I think ideally it would be possible to pass a protoc option to specify which wire formats to generate. This would be nice because JSON-only clients then wouldn't need to import the JS protobuf package.
@alecthomas yeah, that is a good point. We'd only needed protobuf/twirp for our rpc/services, so was all we've implemented so far...
The service impl code is fairly straightforward:
https://github.com/stephenh/ts-proto/blob/master/src/main.ts#L725
And I think really it'd just be generateRegularRpc function that could be the first place to add some conditional "if output type" type logic:
https://github.com/stephenh/ts-proto/blob/master/src/main.ts#L695
Would you be interesting in tacking a crack at this?
I might be able to hack on this at some point, but all the better if you'd like to, and then could verify the impl / usage / etc. within your project / ecosystem.
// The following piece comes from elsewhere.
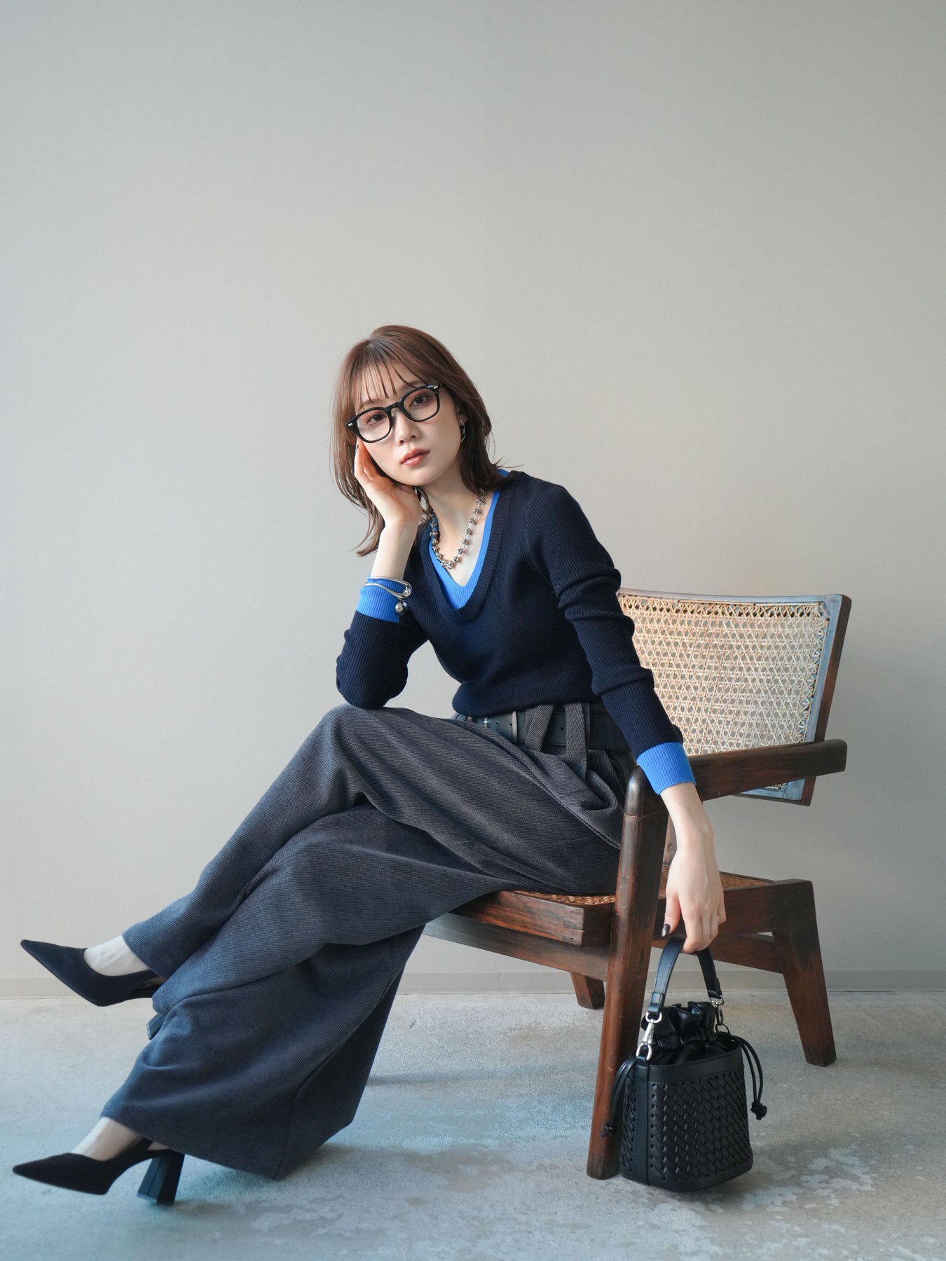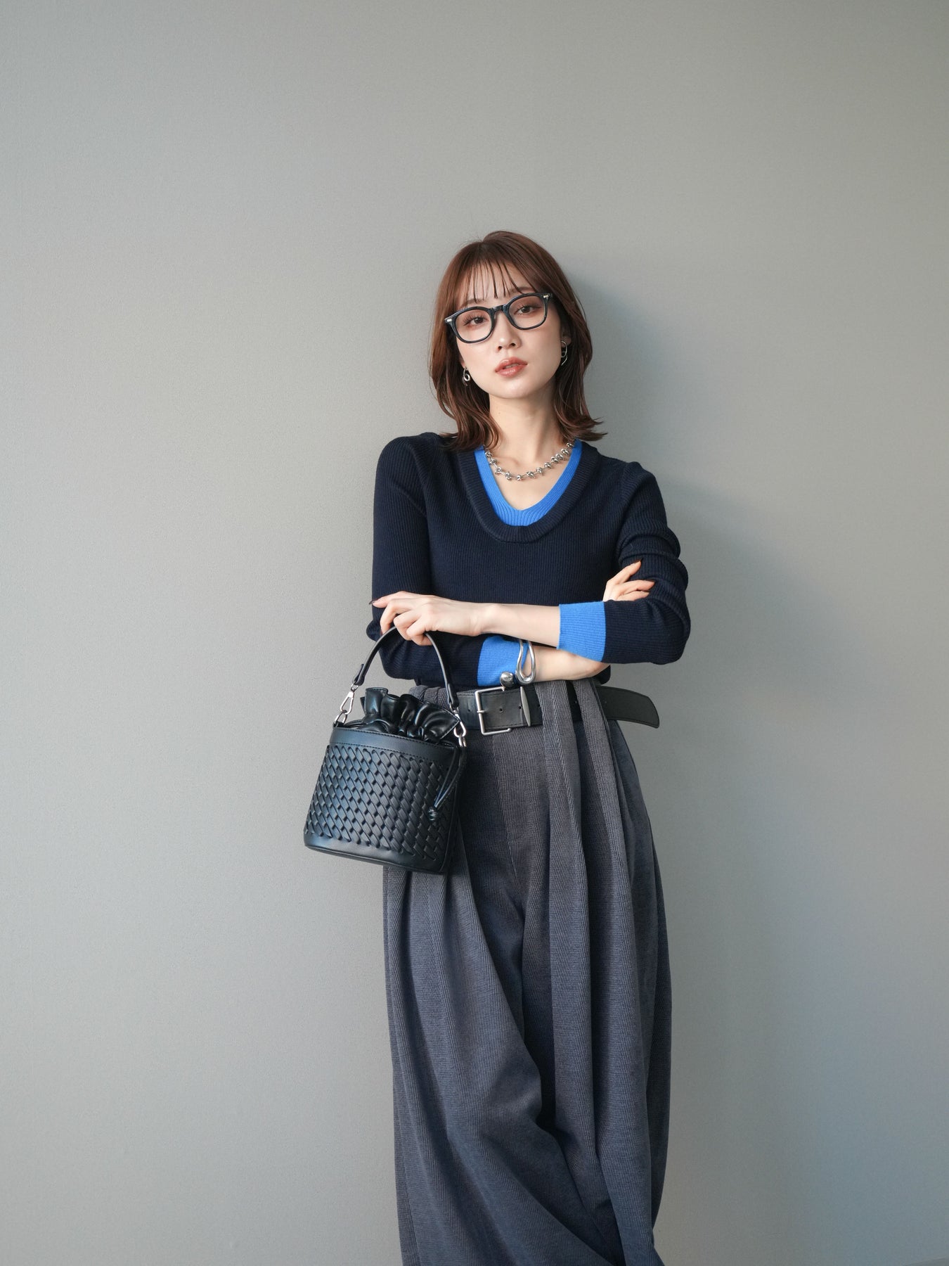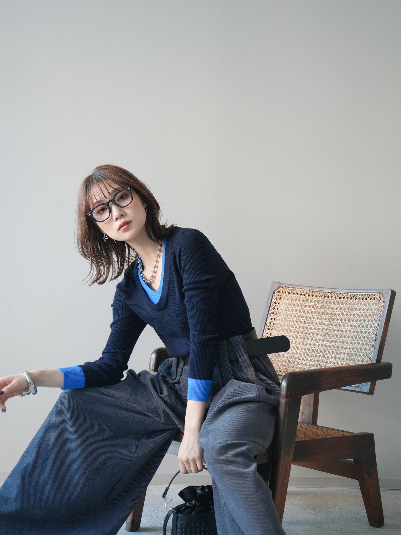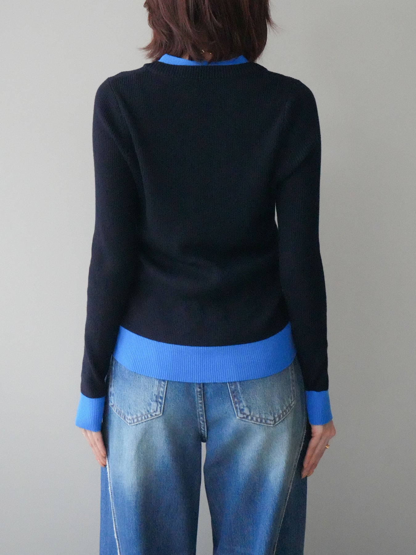 [予約]Uネック配色レイヤードリブニットトップス/black
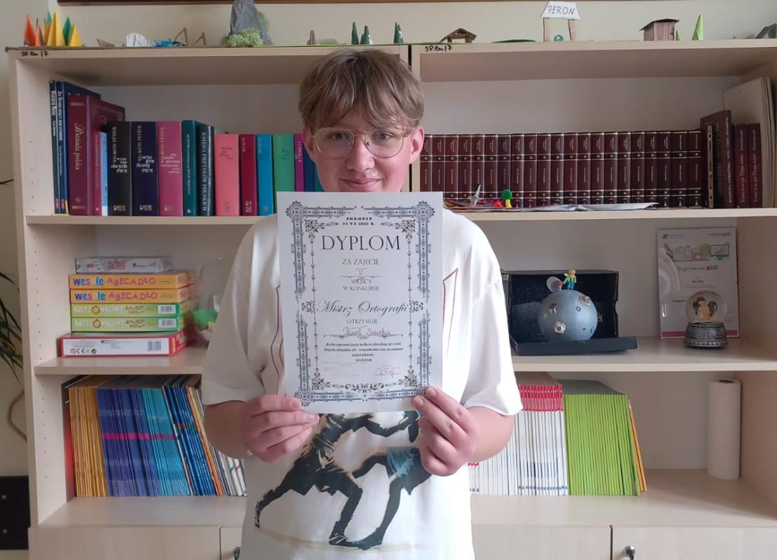 Z radością informujemy, że Paweł Sieczka, uczeń klasy VIIIb, odniósł duży sukces w Międzyszkolnym Konkursie Ortograficznym „Mistrz Ortografii 2025”, zdobywając zaszczytne II miejsce. Konkurs odbył się w Szkole Podstawowej im. Legionów Polskich w Poroninie i zgromadził uczestników z wielu okolicznych szkół.

I started to take a look at what would be involved here.
Unfortunately, protobuf.js does not support encoding/decoding to/from canonical proto3 JSON: https://github.com/protobufjs/protobuf.js/issues/1304
It looks like it's partially implemented, but lacking support for important well-known-types like Timestamp and Duration.
And google's JS protobuf library has no support at all: protocolbuffers/protobuf-javascript#95
Do you see any way forward?
It looks like there are some open PRs that would help, e.g. https://github.com/protobufjs/protobuf.js/pull/1258
Maybe the way forward is to implement this using protobufjs, without support for those well-known types, and then either fork protobuf.js, patch it at runtime, or wait for it to be fixed upstream.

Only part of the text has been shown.